--- RECORDS PROVIDED Enclosed Below ---

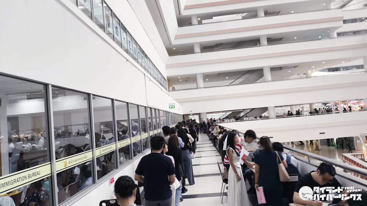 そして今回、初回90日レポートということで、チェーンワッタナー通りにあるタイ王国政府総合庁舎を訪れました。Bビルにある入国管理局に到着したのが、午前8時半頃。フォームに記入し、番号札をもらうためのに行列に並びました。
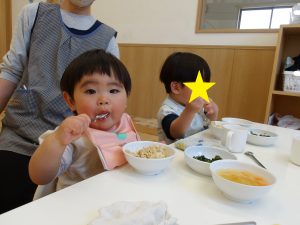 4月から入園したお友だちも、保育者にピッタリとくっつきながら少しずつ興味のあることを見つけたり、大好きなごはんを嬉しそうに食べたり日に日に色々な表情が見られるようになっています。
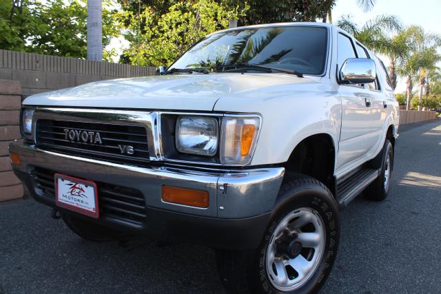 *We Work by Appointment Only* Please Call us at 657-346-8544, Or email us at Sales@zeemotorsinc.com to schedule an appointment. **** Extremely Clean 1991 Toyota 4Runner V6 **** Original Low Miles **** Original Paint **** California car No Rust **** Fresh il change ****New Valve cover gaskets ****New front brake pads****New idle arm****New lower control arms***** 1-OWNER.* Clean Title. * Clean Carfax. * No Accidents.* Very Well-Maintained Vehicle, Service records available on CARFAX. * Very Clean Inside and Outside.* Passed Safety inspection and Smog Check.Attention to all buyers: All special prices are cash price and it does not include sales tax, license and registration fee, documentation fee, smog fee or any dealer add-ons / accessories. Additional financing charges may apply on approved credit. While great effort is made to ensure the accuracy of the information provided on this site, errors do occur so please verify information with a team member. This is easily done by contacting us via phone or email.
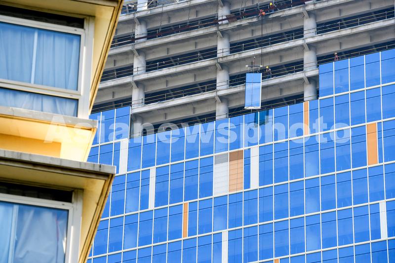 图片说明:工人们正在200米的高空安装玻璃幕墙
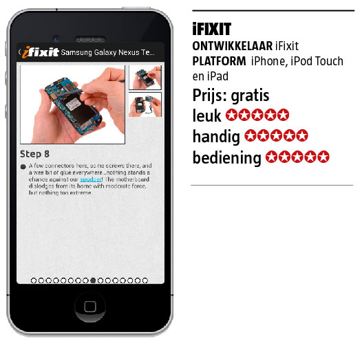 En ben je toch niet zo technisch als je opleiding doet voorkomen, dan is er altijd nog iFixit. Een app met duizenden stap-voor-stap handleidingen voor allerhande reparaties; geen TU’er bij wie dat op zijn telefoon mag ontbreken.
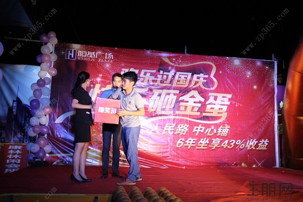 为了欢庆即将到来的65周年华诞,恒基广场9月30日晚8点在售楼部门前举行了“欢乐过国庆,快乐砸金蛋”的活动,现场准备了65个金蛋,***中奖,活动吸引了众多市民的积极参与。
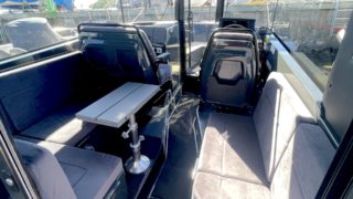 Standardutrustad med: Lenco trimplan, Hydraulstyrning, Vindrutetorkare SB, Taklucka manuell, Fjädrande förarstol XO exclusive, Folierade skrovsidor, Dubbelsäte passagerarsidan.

--- End of Enclosed RECORDS PROVIDED ---
--- RECORDS PROVIDED Enclosed Below ---

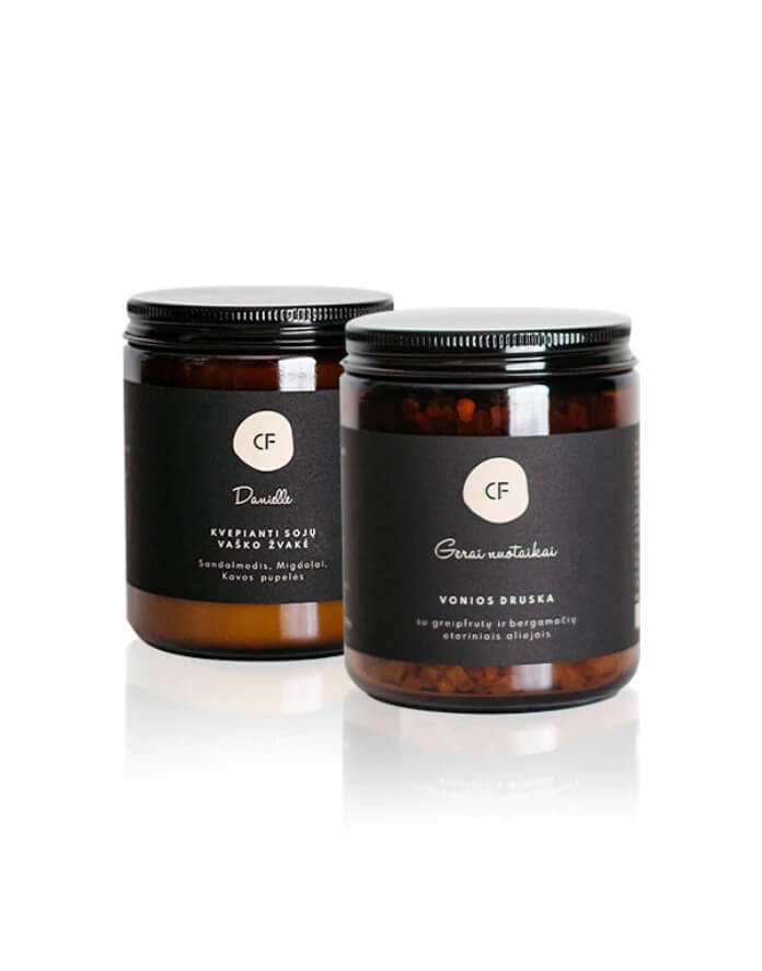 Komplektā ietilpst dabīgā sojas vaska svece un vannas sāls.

--- End of Enclosed RECORDS PROVIDED ---
--- RECORDS PROVIDED Enclosed Below ---

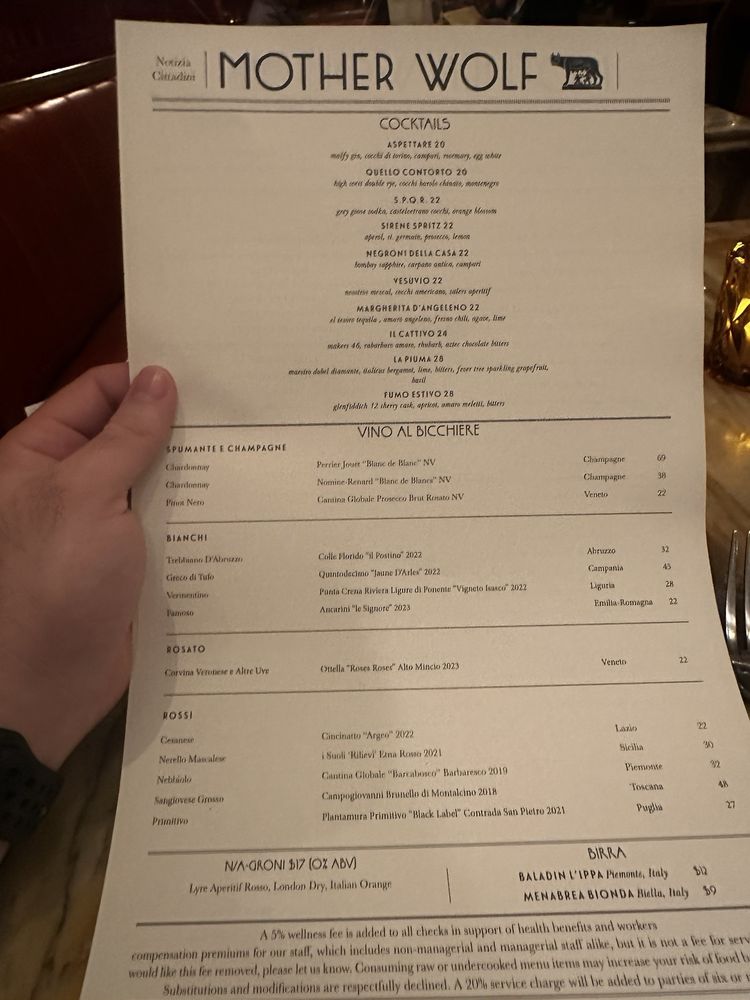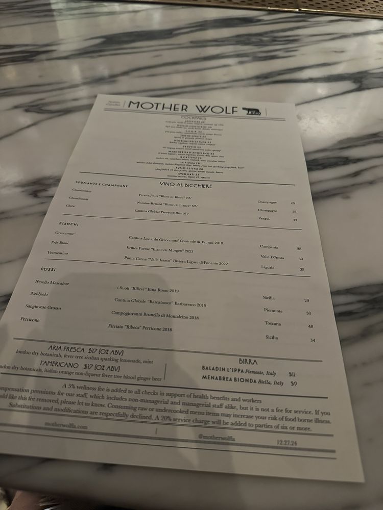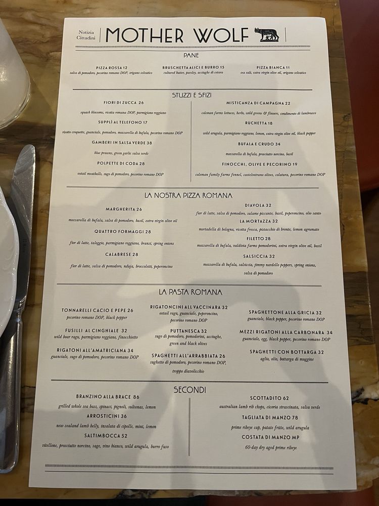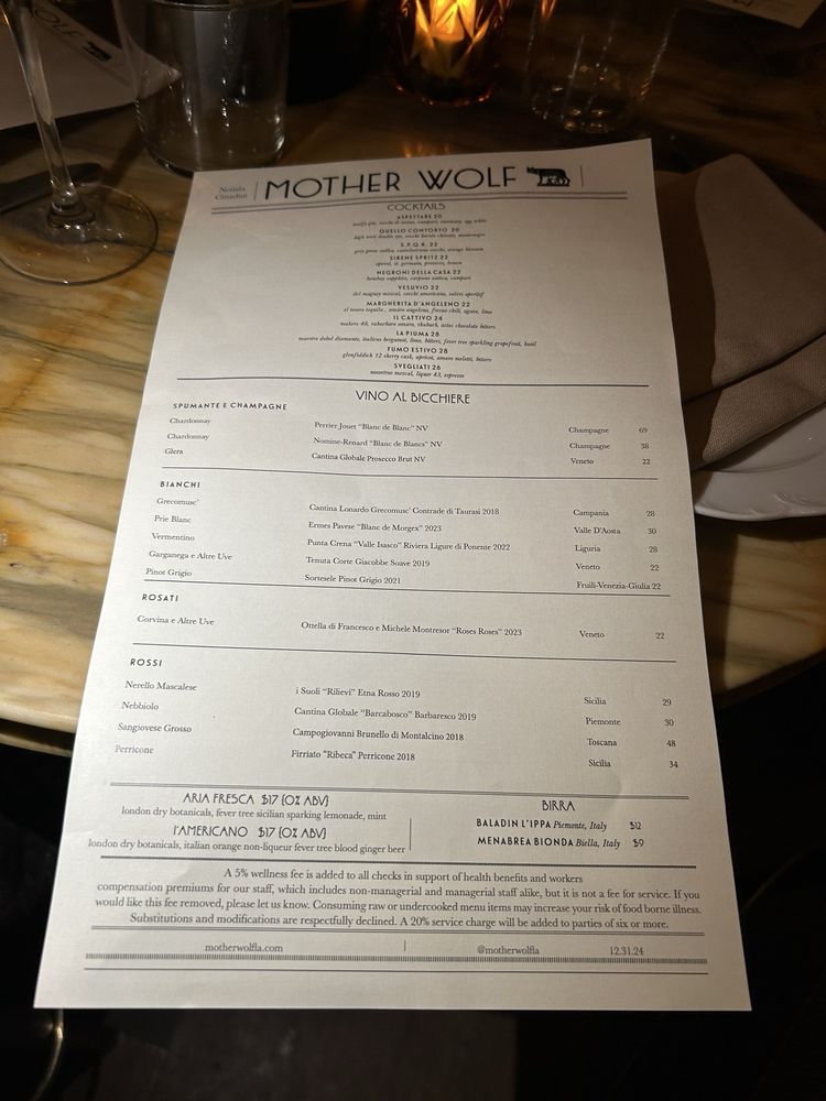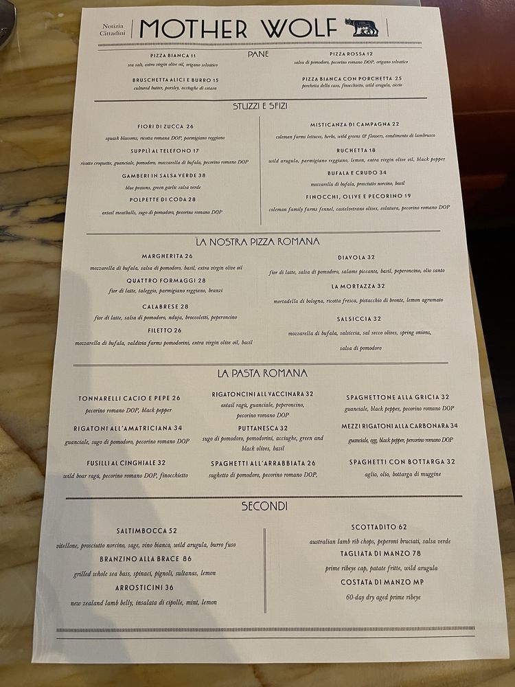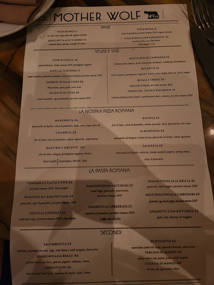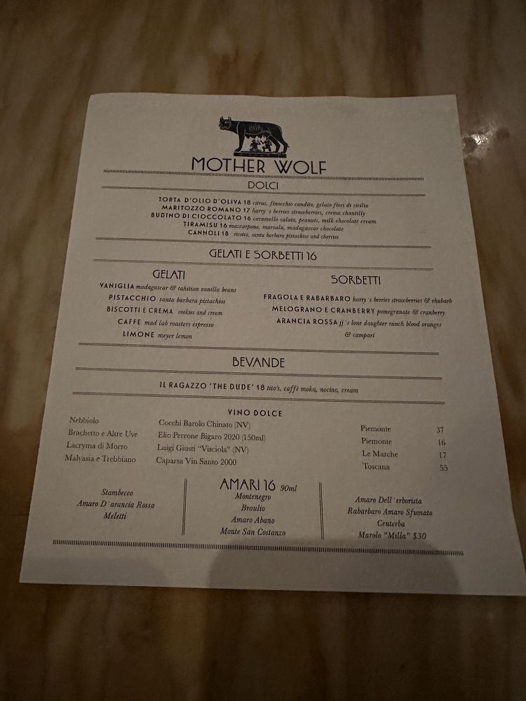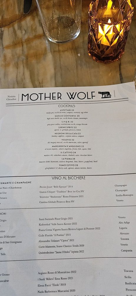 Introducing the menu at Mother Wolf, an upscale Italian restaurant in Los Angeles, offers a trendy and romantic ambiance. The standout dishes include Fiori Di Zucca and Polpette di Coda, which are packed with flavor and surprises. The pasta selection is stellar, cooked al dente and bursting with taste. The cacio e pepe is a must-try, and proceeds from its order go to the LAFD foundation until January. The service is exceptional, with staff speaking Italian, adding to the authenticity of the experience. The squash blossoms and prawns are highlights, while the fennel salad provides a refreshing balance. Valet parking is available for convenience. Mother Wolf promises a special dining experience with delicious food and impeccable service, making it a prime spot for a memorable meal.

--- End of Enclosed RECORDS PROVIDED ---

TASK DIRECTIONS:
Nothing outside the stretch above, from the line with "そして今回、初回90日レポー" through the line with "4月から入園したお友だちも、", is set down. Transcribe that stretch exactly, ends included, but not its pictures.

ANSWER FOR THE TASK:
 そして今回、初回90日レポートということで、チェーンワッタナー通りにあるタイ王国政府総合庁舎を訪れました。Bビルにある入国管理局に到着したのが、午前8時半頃。フォームに記入し、番号札をもらうためのに行列に並びました。
 4月から入園したお友だちも、保育者にピッタリとくっつきながら少しずつ興味のあることを見つけたり、大好きなごはんを嬉しそうに食べたり日に日に色々な表情が見られるようになっています。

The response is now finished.